REQUIREMENT —
Skip the pictures. Quote every line below, exactly, from the one with "Notre sweatshirt zippé" through the final line.

INPUT DATA —
::::

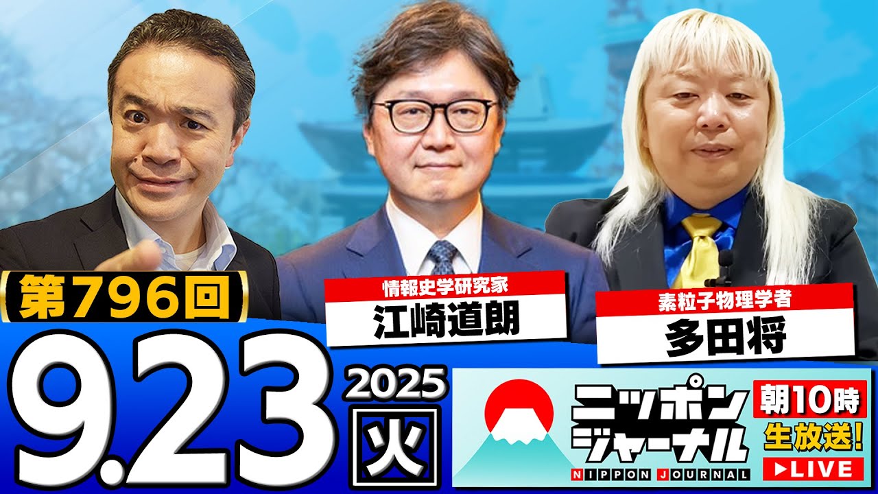 [音楽] お [音楽] おはようございます。え、9月23日祝日 の火曜日。間もなく日本ジャーナル本番 スタートでございますけれどもね。え、 本日ご出演は情報士学研究家の江崎道さん とそして祝日に駆けつけてくださる日本で 1番ノーベル賞に近い男、え、素粒物理学 者のた先生お二方ご出演でございます。え 、もちろんね、有料時間帯にはまた特別 企画ご用意しておりますので、お見逃し なく最後までお付き合い願えればと思い ますが、え、早速本日のニュース アンケートちょっとね、え、撮っていき ましょう。ラインナップご紹介しますね。 はい。え、YouTubeでご視聴の皆様 、ニコ生でご視聴の皆様、え、着目された 話題はい、番号で、え、是非ご記入 いただければと思います。まあ、からもう ね、自民党総裁戦に絡むニュースドっと これもう否めないというところで1番はい 。告自後ごえ正式に国自5人が立候本格的 な論戦始まる に高一市太陽光校など補助金制度について 大掃除をやる覚悟。え、3番目、え、 同じく高一さんが国土と国民を守る組織 作らせてと訴え。え、そして、え、4番目 、小泉慎さん。出人式に代理を含めて92 人が出席と、え、候補5人の中では採たと いうことですね。うん。え、そして5番目 打って今度は日体関係に関わるニュースで 台湾で安倍晋三研究センター設立大会、え 、来相当も出席の上でということですから ね。肝入りでということでこういう動きは ね、もう常になんか台湾が先じるというの がなんか皮肉の話。皮肉と言っちゃなん ですけどね。うん。え、そして、え、6番 目、え、原子力潜水艦は圧倒的 アドバンテージだと中国人対抗策として、 え、近く遠くない将来リアル沈黙の艦隊が 実現するのかどうかという。はい。え、 そして7番ロシアの戦闘機3期が、え、 バルト三国のエストニア領空を審判したと いうニュースなんですが、え、これについ てはほとんど地上派のメディアはね、触れ てないんじゃないのといった。はい。その 意味で別の意味でのね、警報が発せられて おりますので、え、ただ三江崎さんにこの 辺りお伺いできればと思います。え、 そして8番パレスチナの国家承人巡り日本 政府に対し訴えというね、え、英語で コメントされてましたけれどもはい。それ から米軍9番目のこのニュースもね、 ヒリヒリですね、大量負傷者を想定して、 え、野線病院展開する訓練を公開というね 、え、ニュース。そして10番目、え、 この話題はね、昨日も出ましたが、あ、 維新福の大阪都構層、え、国民民主がこれ に対案ということで、え、自民公明への 接近を日本維新の会本当に正式に図るん でしょうかね。連立入りも考えているのか 、本格的に。 え、といったところですが、視聴者の皆さんの注目ポイント、どのニュースにはい、集まってるでしょうか?そろそろ数字出ますかね?うん。 [音楽] はい。2 番。 おお、2番。うん。 2番優勢ってとこですかね。 ニコニコは6で続いて2です。 はい。ニコニコ6続いて2ですか?じゃあ 2番かな? うん。はい。え、じゃあ話題今日トップ 2番からじゃ参りましょうかね。 え、これからいよいよヒートアップの同を 増してくる自民党総裁戦に絡めてという ことで、え、番組抗がなんですが有料 タイムこのような特集ご用意いたしました 。はい。え、自民党総裁戦護者が続々と 記者会権見その政策の裏側ということでね 、え、もう確保それぞれね、もちろん特色 をどう打ち出すか、え、様々駆使にされ てると思いますが、え、実際にね、え、 広報者本人よりも汗を流されてるのは、え 、ブレンの方々かもしれないというか、 その可能性が、ま、大ですけれども、え、 その人々、チームというものがどういう風 に形成されて、え、候補者それぞれの、ま 、マニフェストだったりね、え、こう 決め手になる政策だったり、どのように 具体的に決まっていくのか、え、経験な 実際にいろんな政治家の方々の3暴薬をお 勧めになられてきた崎長さんにその裏側 打ち幕をですね、え、はい、ご解説ればと 有料時間帯で企は是非お見逃しなくどうぞ ということで、え、ここで、え、繰り返し になりますが日本ジャーナルから、え、 YouTubeメンバーシップの料金に 関するお知らせをお許しください。一般 有料会員様は従来通り1190円でご利用 いただけますが、え、家て加えて応援 プランといたしまして応援用ごひ様コース 2990円、え、応援用金に輝く谷町様 コース1万2000円とそれぞれ設定させ ていただいております。え、谷町様、ごひ 様、さらにニコニコ有料会員6ヶ月以上を ご継続いただいている視聴者の皆様には 特典動画もね、え、ばっちりご用意して おりますので、はい、抜かりなくご視聴 いただければと存じます。え、題して聞け ば誇らしくなる日本偉人伝、これはもう 是非ね、もう、え、お1人残らずご覧 いただければと。はい。え、今週から さらに1本増えて都合10本にツもり、 ツもってまいりましたね。え、江崎一代 さん、
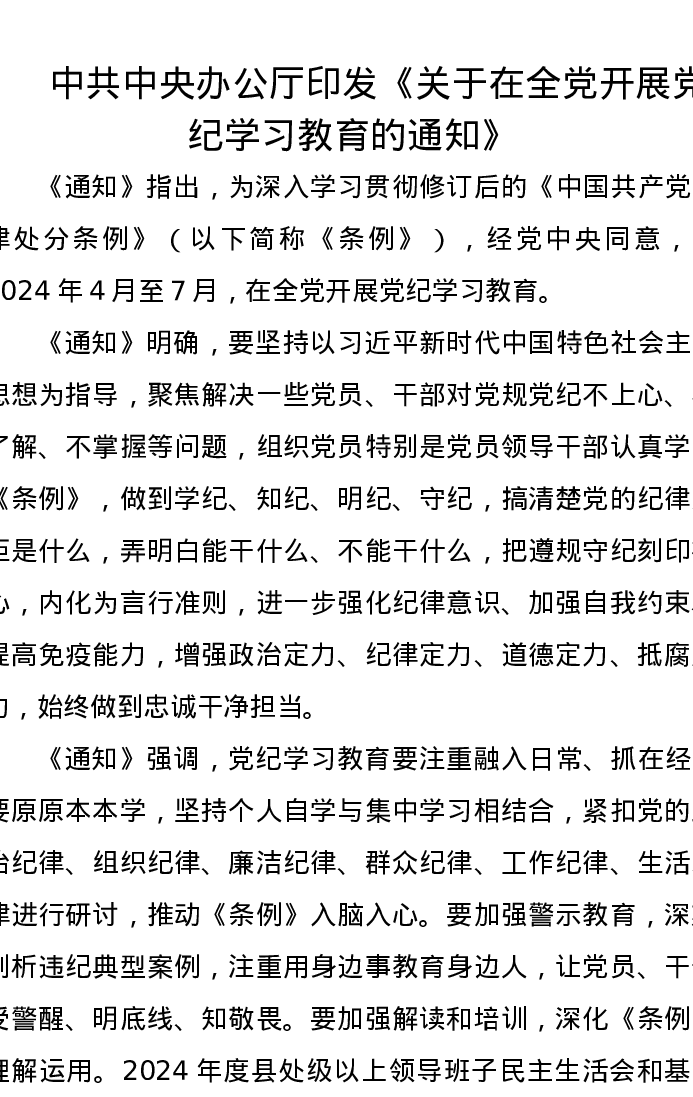 党纪学习教育∣01上级精神:02中共中央办公厅印发《关于在全党开展党纪学习教育的通知》
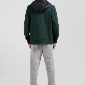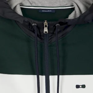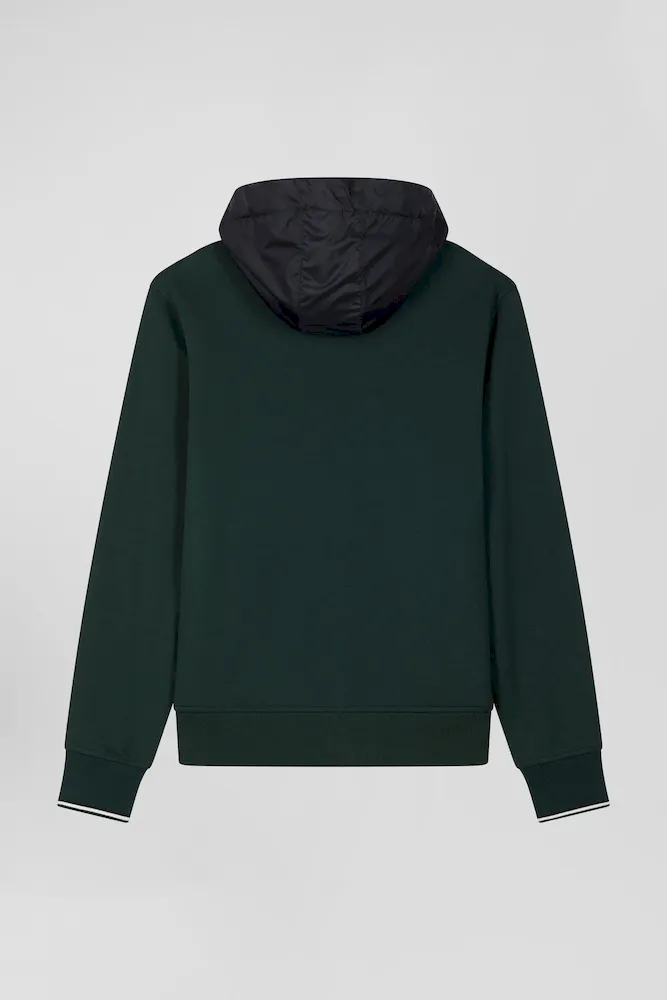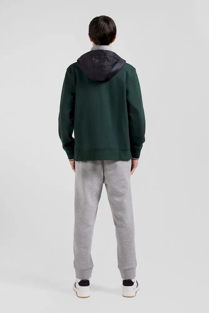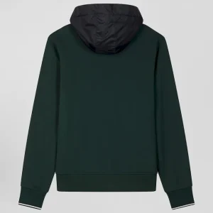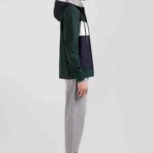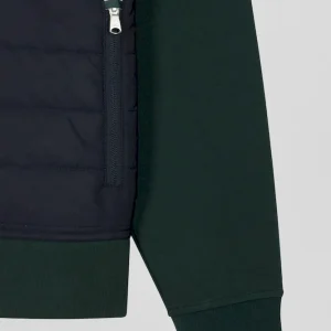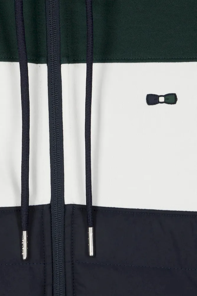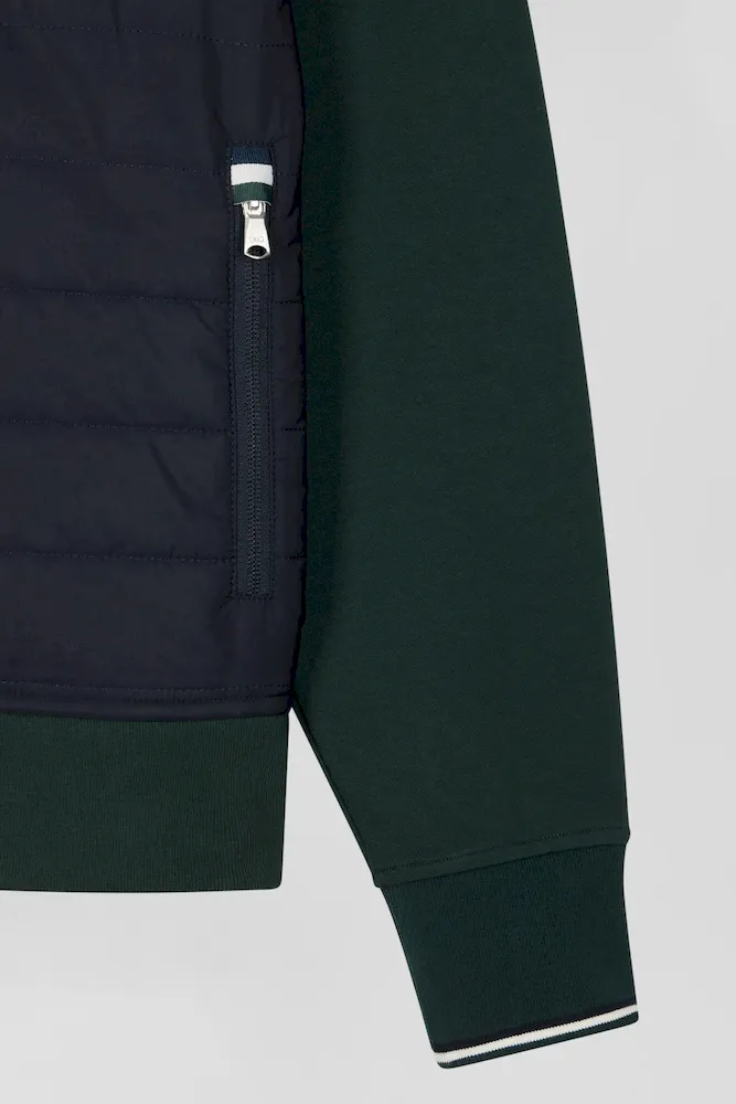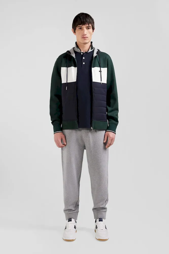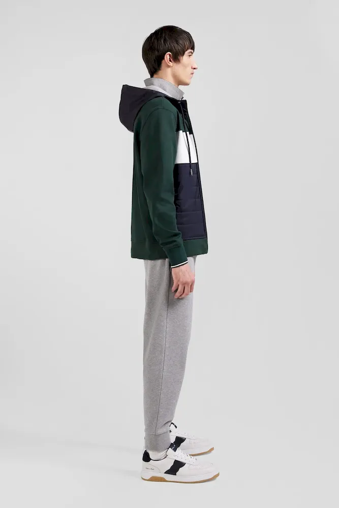 Notre sweatshirt zippé en interlock offre un confort et une douceur exceptionnels grâce à sa maille double. Son design est rehaussé par un jeu de colorblock dynamique et une capuche intégrée en nylon. L’empiècement matelassé en nylon à l’avant évoque l’aspect d’une doudoune, ajoutant une touche originale. Les poignets en bords-côtes rayés lui apportent une finition sportive, tandis que les détails argentés ajoutent une note d’élégance à ce sweatshirt se substituant facilement à une veste de mi-saison.
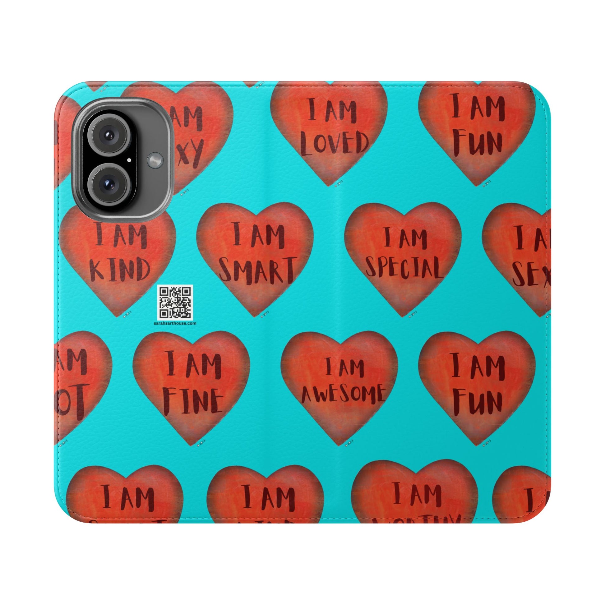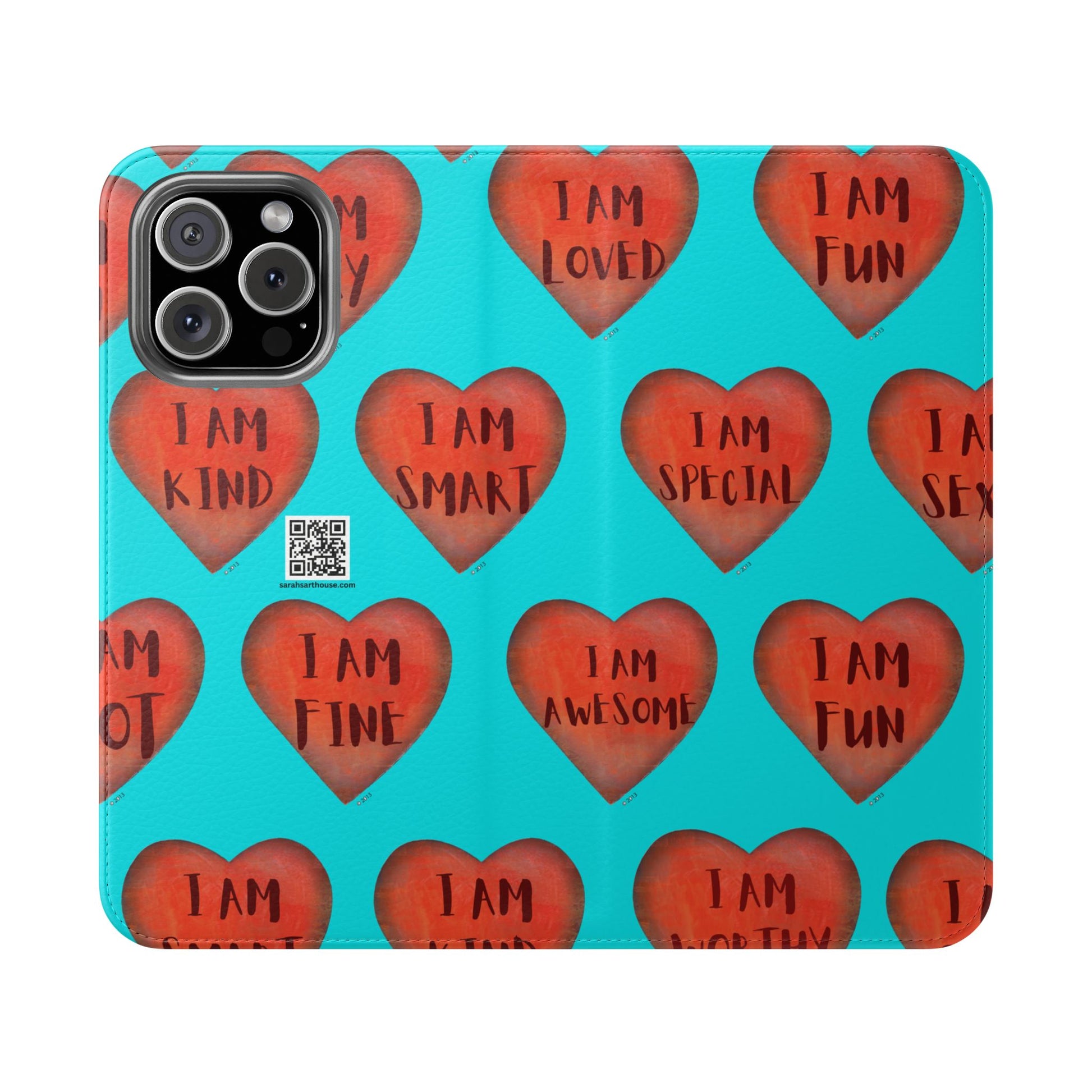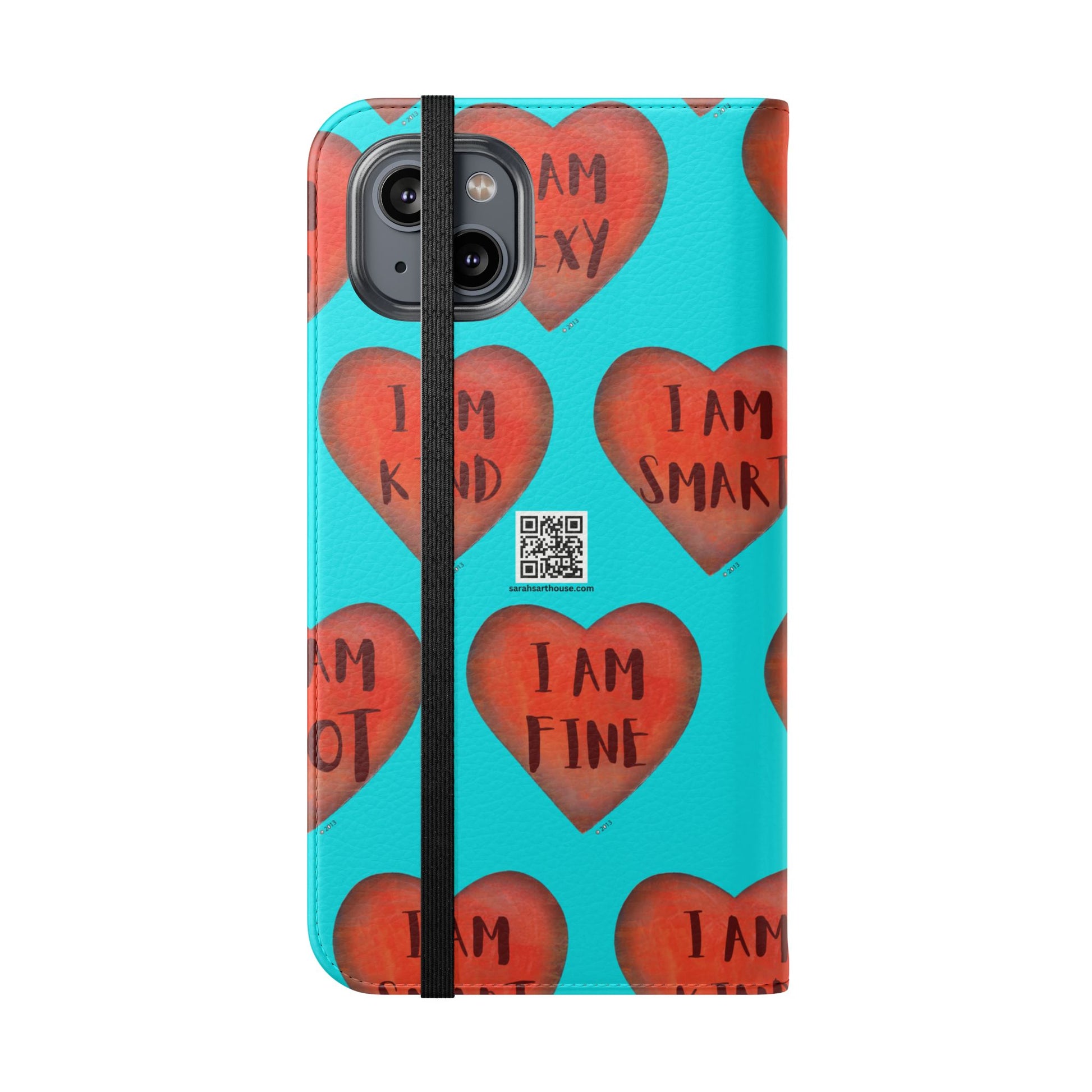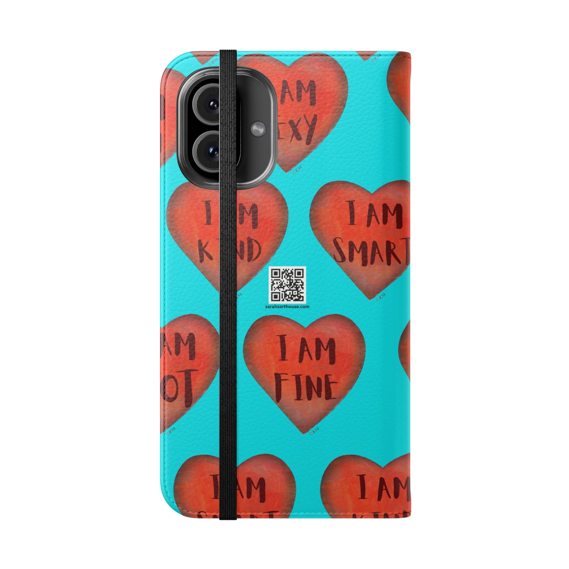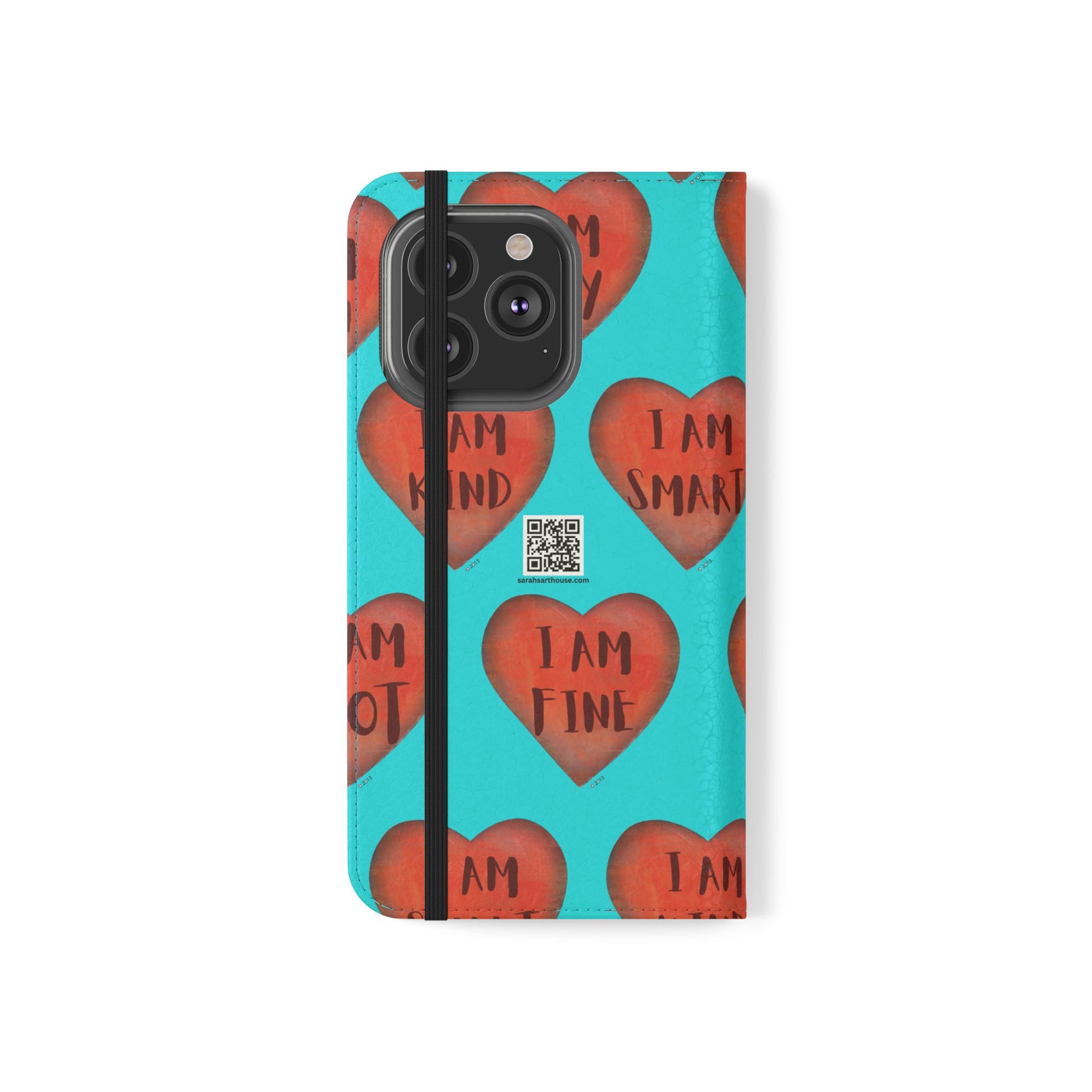 Motivational Heart, flip cases are made from faux leather. These are so fun, colorful and uplifting with their covers printed with "I am...." motivational phrases. They make the perfect Valentine, Birthday or Christmas Gifts. Each case serves as a protective layer and a phone stand. They feature a flat, elastic fastening to keep them closed and stitched inside pockets to store cards and cash storage easily. The polycarbonate inner shell keeps devices secure during regular wear and tear. They come in all sizes for iphones and Samsung....Just choose your size and enjoy.

::::

RESPONSE —
 Notre sweatshirt zippé en interlock offre un confort et une douceur exceptionnels grâce à sa maille double. Son design est rehaussé par un jeu de colorblock dynamique et une capuche intégrée en nylon. L’empiècement matelassé en nylon à l’avant évoque l’aspect d’une doudoune, ajoutant une touche originale. Les poignets en bords-côtes rayés lui apportent une finition sportive, tandis que les détails argentés ajoutent une note d’élégance à ce sweatshirt se substituant facilement à une veste de mi-saison.
 Motivational Heart, flip cases are made from faux leather. These are so fun, colorful and uplifting with their covers printed with "I am...." motivational phrases. They make the perfect Valentine, Birthday or Christmas Gifts. Each case serves as a protective layer and a phone stand. They feature a flat, elastic fastening to keep them closed and stitched inside pockets to store cards and cash storage easily. The polycarbonate inner shell keeps devices secure during regular wear and tear. They come in all sizes for iphones and Samsung....Just choose your size and enjoy.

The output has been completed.